(DATA SECTION begins)
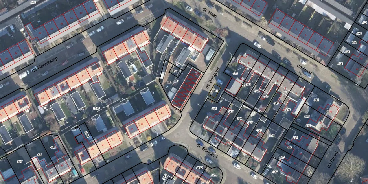 Het perceel waarop de Bongerd 12-G-05 staat heeft een oppervlakte van 360 m². Dit is een groot perceel. De perceeloppervlakte wordt geregistreerd door het Kadaster. Gedetailleerde informatie over de maten van dit perceel kunt u vinden in het rapport Kadastrale kaart met maatvoering van de Bongerd 12-G-05.
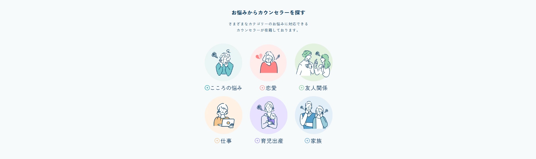 夫婦関係、子育てのストレス、親との関係など、家庭内の悩みは人に話しづらいものです。オンラインなら、感情的になりすぎずに落ち着いて話すことができます。
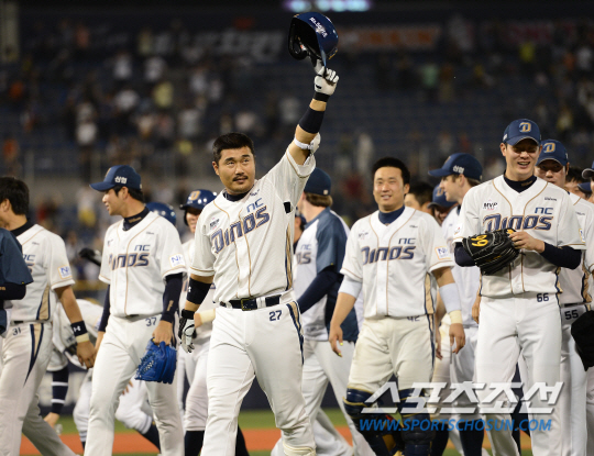 LG 트윈스와 NC 다이노스의 2013 프로야구 경기가 20일 마산구장에서 열렸다. 9회말 무사 만루에서 끝내기 안타를 친 이호준이 팬들을 향해 모자를 벗어 인사하고 있다. NC는 4-3의 승리를 거두었다. 마산=정재근기자 cjg@sportschosun.com/2013.06.19/
(DATA SECTION ends)
◆ ABOUT THIS TASK: Starting with the line that holds "夫婦関係、子育てのストレス、", retype each line through the last one in the listing above, exactly as written. Do not copy any pictures.

◆ EXERCISE OUTPUT:
 夫婦関係、子育てのストレス、親との関係など、家庭内の悩みは人に話しづらいものです。オンラインなら、感情的になりすぎずに落ち着いて話すことができます。
 LG 트윈스와 NC 다이노스의 2013 프로야구 경기가 20일 마산구장에서 열렸다. 9회말 무사 만루에서 끝내기 안타를 친 이호준이 팬들을 향해 모자를 벗어 인사하고 있다. NC는 4-3의 승리를 거두었다. 마산=정재근기자 cjg@sportschosun.com/2013.06.19/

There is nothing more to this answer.